Enter Ampere Cloud Native CPUs. Their high performance combined with low power requirements makes them exceptionally suitable for inference workloads.

We invite you to join us in exploring why Ampere Cloud Native CPUs are becoming the preferred choice over GPUs for AI inference tasks, empowering your AI to operate more effectively and intelligently.

Revolutionizing GPU-Free AI Inferencing: Ampere's CPU-Driven Approach

At Ampere, we're passionate about revolutionizing AI inference with our groundbreaking GPU-free Cloud Native CPUs. This is achieved through the high compute density of Ampere processors, equipped with up to 192 single-threaded cores and double the vector units per core—allowing for predictable performance and unprecedented computational scaling.

In computational workloads such as AI, the reliance on these vector units is crucial to performance and is one reason the Ampere architecture is so efficient vs. legacy x86 processors. AI is a workload that particularly benefits from high computational scale, making the additional vector units in each core a valuable resource for vector math operations. This innovative architecture doesn't just crank up computational power; it does so with an eye on energy efficiency, striking a perfect harmony that fuels AI applications without draining resources.

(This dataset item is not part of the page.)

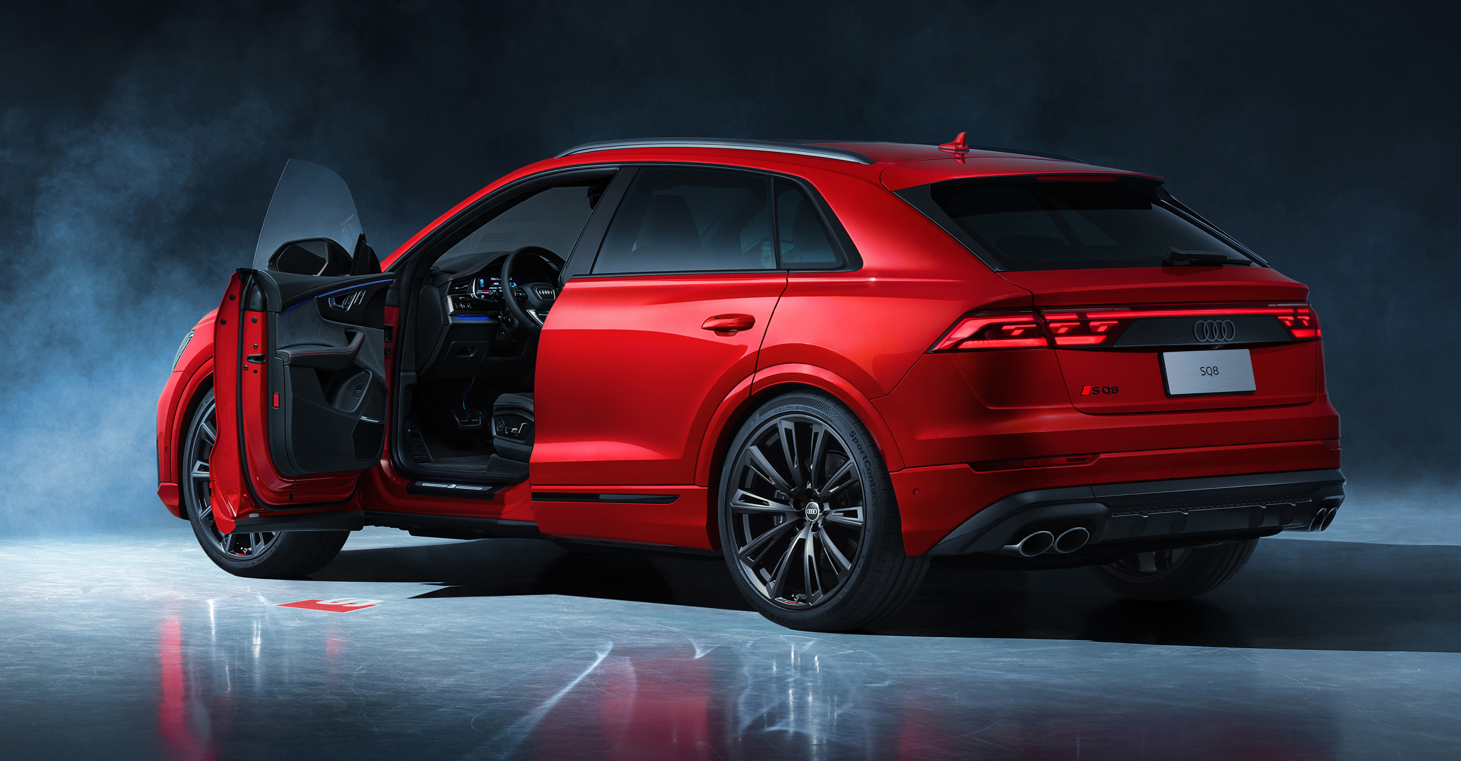 奥迪 SQ8 搭载 4.0L 双涡轮增压 V8 发动机,实现4.1秒零百加速
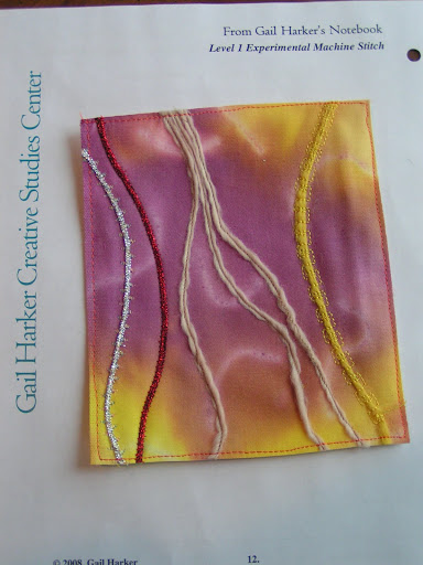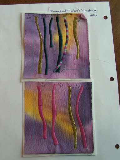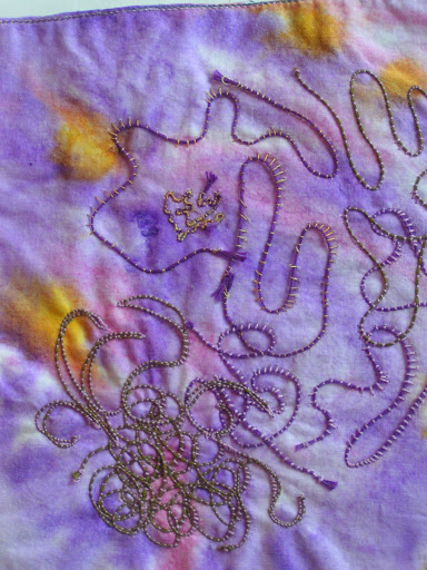 These are all my samples from the class I took. It was wonderful, we went over all the basics (most of which I needed) and I learned a lot about different threads, needles etc. which will be a big help since I just was guessing before. The first day we painted all of our fabrics with Dye-na-Flow paints and then we started stitching. The sample above is drizzling stitch.

For larger inference workloads that go beyond what CPUs can handle on their own, we've embraced domain-specific accelerators (DSAs). While DSAs provide a scalable and power-efficient AI solution, this move isn't just about scaling; it's about doing so efficiently and powerfully, ensuring that even the most demanding AI applications run smoothly without missing a beat.

So, how do Ampere CPUs compare to the competition? Whether in the cloud or on-premise, our CPUs lead the pack. In terms of inference per dollar in the cloud, particularly with Ampere-powered Oracle AI instances compared to other CPUs like AWS Graviton, we outperform the competition. Even against Nvidia's A10 instances, Ampere comes out on top. This trend continues when comparing our CPUs against the best from AMD Milan and Intel Ice Lake in discrete inference workloads.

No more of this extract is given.